Brief explanation about what the patch does:

* have a pointer to the location of the invariant within an rtx. The existing code assumes a complete RHS is invariant, but with the patch GCC can move invariants out of the RHS of a SET even if the whole RHS itself is not invariant.

* Do not bail out in find_invariant_insn if the complete RHS is not invariant. Instead see if there is an address (i.e. XEXP (MEM, 0)) that is invariant.

* Update invariant motion code to handle partially invariant RHSs


One TODO for the patch (IIRC) is to only move an invariant address if it would otherwise be moved anyway. That is, only move the invariant address if there is a dependent invariant that would cause the address to be hoisted anyway. This is to avoid excessive LICM.

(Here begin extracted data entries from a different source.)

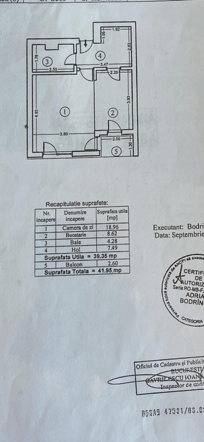 Suprafata utila: 39 + balcon inchis de 3 mp
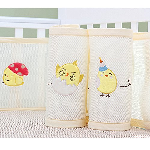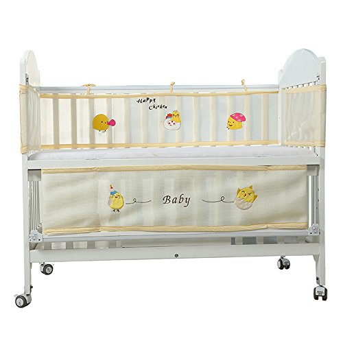 PreciousBaby ベッドガード ベッドレール ベビーベッドフェンス 4シーズン使用可能 通気性 掛け布団のずれ防止 ポータブル オシャレ 丈夫 四方タイプ ベッドバンパー 2色選択可能 取り付け便利 可愛い 130x70cm以下のベビーベッドに適合 (幸せなひよこ)
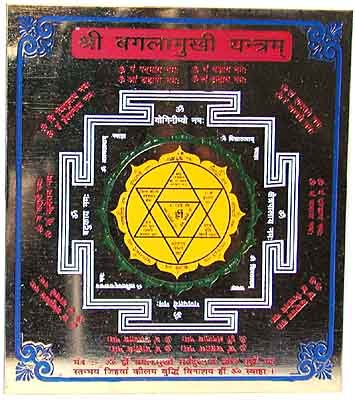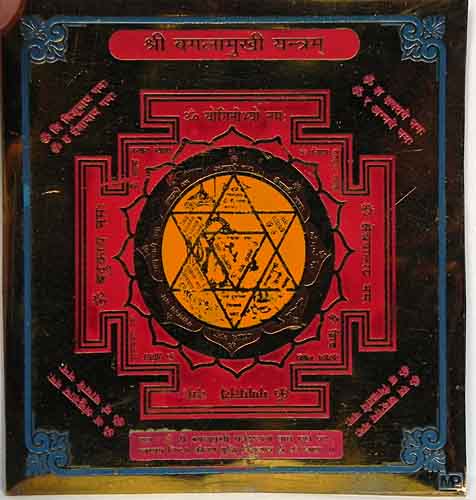 Shree Bagla Mukhi Yantra Das Bagla Mukhi Yantra ist ein sehr wirksames Yantra und erleichtert den erfolgreichen Abschluß z.B. bei Prüfungen, aber auch Gerichtsstreitigkeiten. Es soll auch Schutz vor Verletzungen und Unfällen sowie sichtbaren und unsichtbaren Gegnern gewähren. Mantra: Om Paramaatmane Namah Kupfer, mit 24 Karat Goldüberzug Größe: 10,7 x 12 cm € 36,- Bestell-Nr. 503
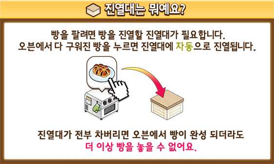 다 만들어진 빵은 진열대에 올려서 팔 수 있어요!
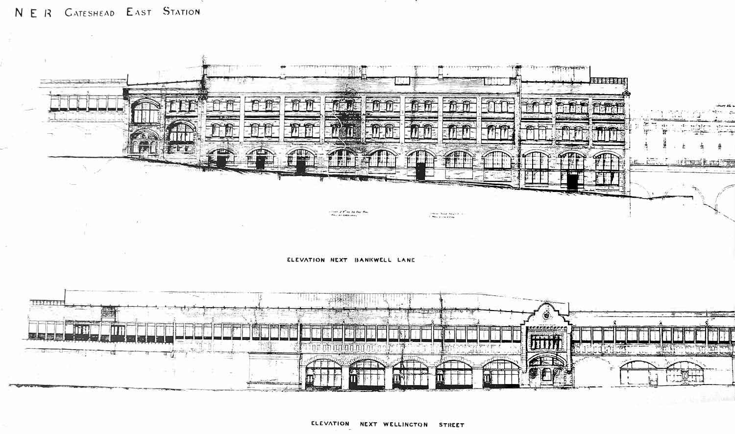 ![]() Elevations of Gateshead East station (1925). The station building, extending to three storeys at its northern (right) end on Bankwell Lane is shown above. Although the main entrance is on Wellington Street there are no facilities on the adjoining up platform, only a screen wall to support the station roofing.
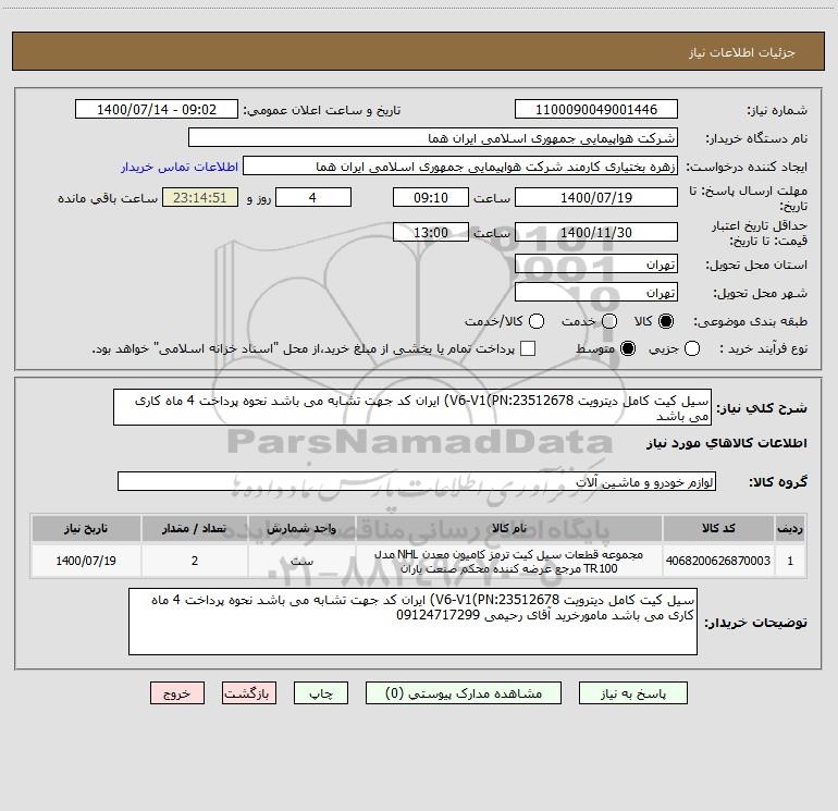 شرح کلی نیاز: سیل کیت کامل دیترویت V6-V1(PN:23512678) ایران کد جهت تشابه می باشد نحوه پرداخت 4 ماه کاری می باشد
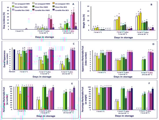 Regarding the PMW, the lowest values are detected in those treatments where the combined effect of decay incidence, decline of overall appearance, and weight loss are higher (Figure 3F).
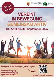 Nach der erfolgreichen Bewegungskampagne im vergangenen Jahr startet die Landesregierung am 1. April 2025 eine neue Bewegungskampagne im Rahmen der Landesinitiative „Rheinland-Pfalz - Land in Bewegung“. Unter dem Motto „Vereint in Bewegung - gemeinsam aktiv“ sind erstmals neben den rund 5.800 Sportvereinen auch die mehr als 32.000 anderen Vereine, dazu gemeinnützige Organisationen und öffentliche Einrichtungen in Rheinland-Pfalz dazu aufgerufen, im Zeitraum vom 1. April 2025 bis zum 30. September 2025 für alle Menschen leicht zugängliche und kostenfreie Bewegungs- und Sportangebote anzubieten.
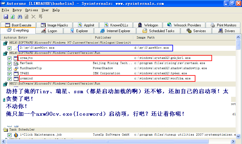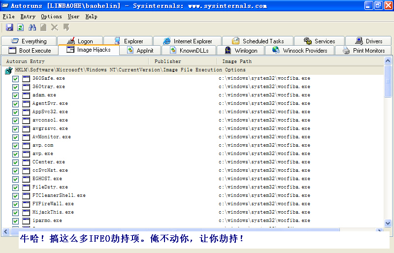 近期,这种带IFEO劫持的东东很时髦。新变种不断出现,且功力还有某些长进(详见:http://forum.ikaka.com/topic.asp?board=28&artid=8316949)

Comment 17 Sandra Loosemore 2010-07-13 17:13:20 UTC

As a point of clarification, I am not getting paid to care about this issue either.  :-)  At this time I have no plans to continue working on it.

Comment 18 Richard Biener 2011-06-27 12:14:31 UTC

4.3 branch is being closed, moving to 4.4.7 target.

Comment 19 Jakub Jelinek 2012-03-13 12:47:58 UTC

4.4 branch is being closed, moving to 4.5.4 target.

Comment 20 Richard Biener 2012-07-02 10:31:53 UTC

Fixed in 4.6.0, the 4.5 branch is being closed.